Problem description ->
Would you copy exactly the lines in the data below from the one that has "- FACILITATING YOUR" through the one that has "Praktický a pohodlný", dropping any pictures?

Dataset excerpt ->
*****

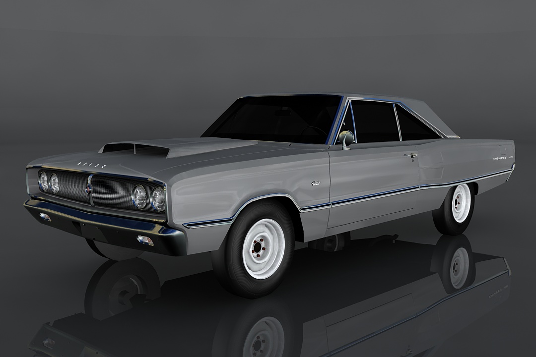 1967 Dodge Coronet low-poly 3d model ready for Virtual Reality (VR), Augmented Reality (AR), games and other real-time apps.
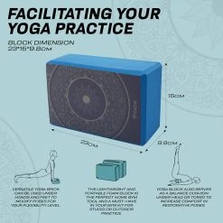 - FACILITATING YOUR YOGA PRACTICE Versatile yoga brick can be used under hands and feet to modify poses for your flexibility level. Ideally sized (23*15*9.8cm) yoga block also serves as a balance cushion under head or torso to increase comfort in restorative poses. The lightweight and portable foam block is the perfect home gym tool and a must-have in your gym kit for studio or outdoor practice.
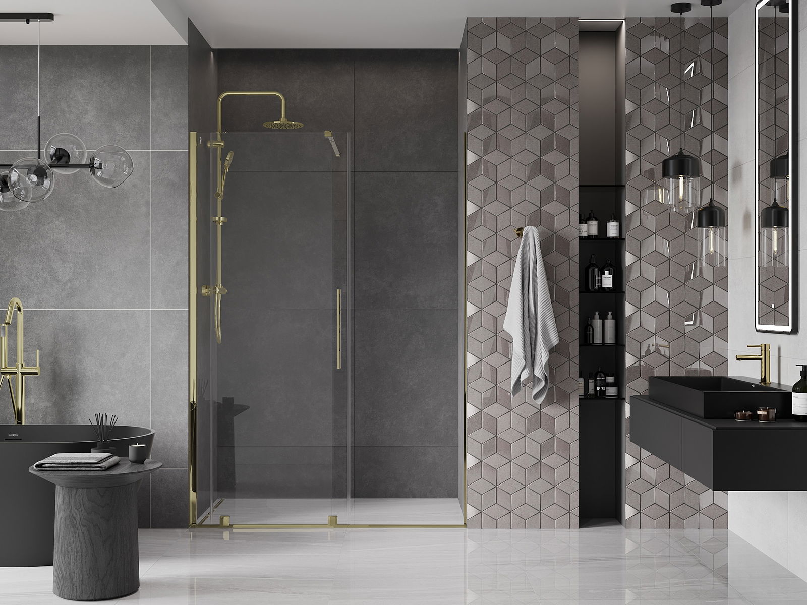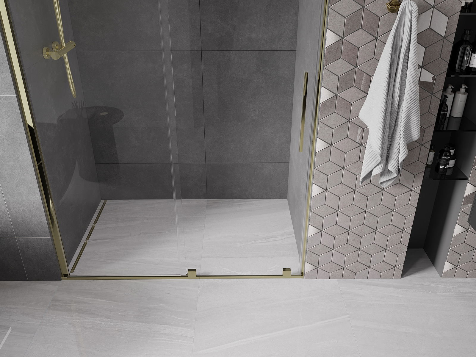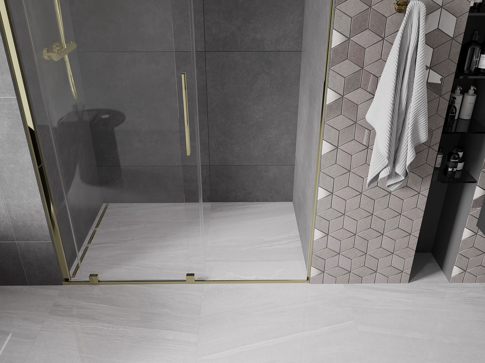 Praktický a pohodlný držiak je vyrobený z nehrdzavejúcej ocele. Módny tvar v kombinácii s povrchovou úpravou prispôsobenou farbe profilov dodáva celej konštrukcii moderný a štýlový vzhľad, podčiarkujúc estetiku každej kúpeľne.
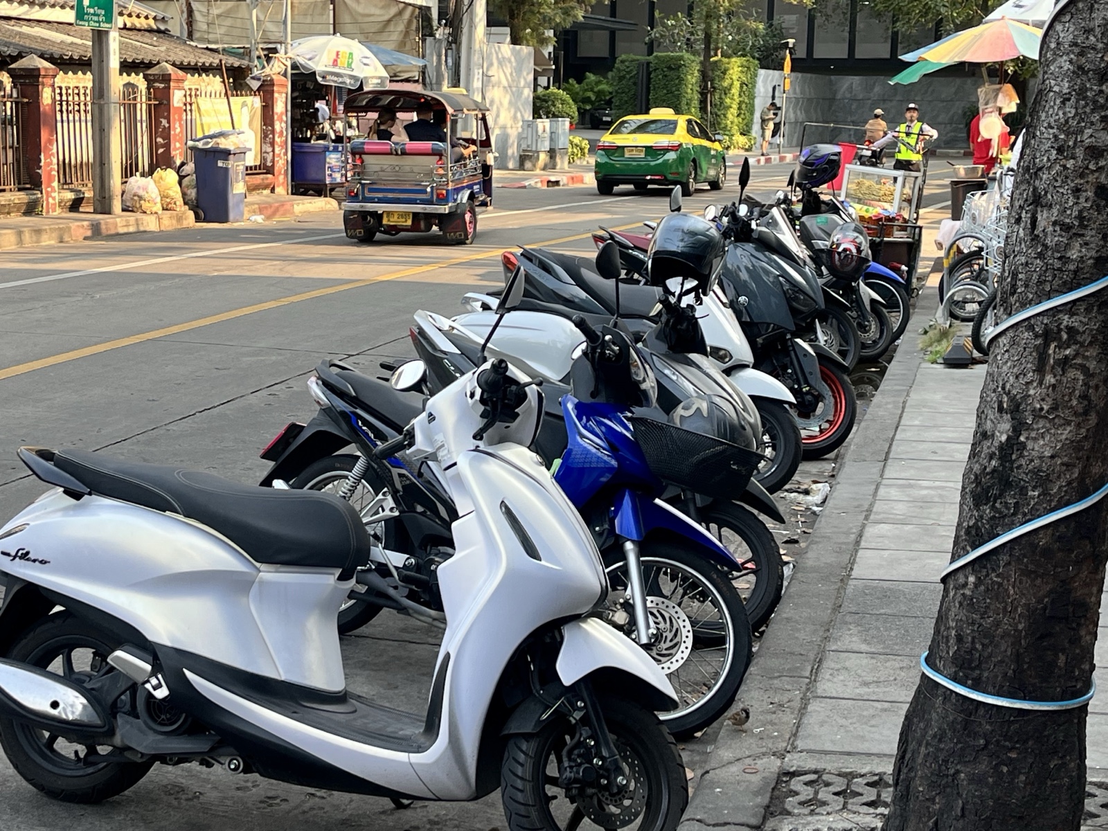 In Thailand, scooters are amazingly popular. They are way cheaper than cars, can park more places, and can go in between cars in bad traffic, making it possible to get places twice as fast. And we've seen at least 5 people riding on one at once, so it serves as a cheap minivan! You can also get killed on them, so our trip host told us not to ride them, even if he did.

*****

Written reply ->
 - FACILITATING YOUR YOGA PRACTICE Versatile yoga brick can be used under hands and feet to modify poses for your flexibility level. Ideally sized (23*15*9.8cm) yoga block also serves as a balance cushion under head or torso to increase comfort in restorative poses. The lightweight and portable foam block is the perfect home gym tool and a must-have in your gym kit for studio or outdoor practice.
 Praktický a pohodlný držiak je vyrobený z nehrdzavejúcej ocele. Módny tvar v kombinácii s povrchovou úpravou prispôsobenou farbe profilov dodáva celej konštrukcii moderný a štýlový vzhľad, podčiarkujúc estetiku každej kúpeľne.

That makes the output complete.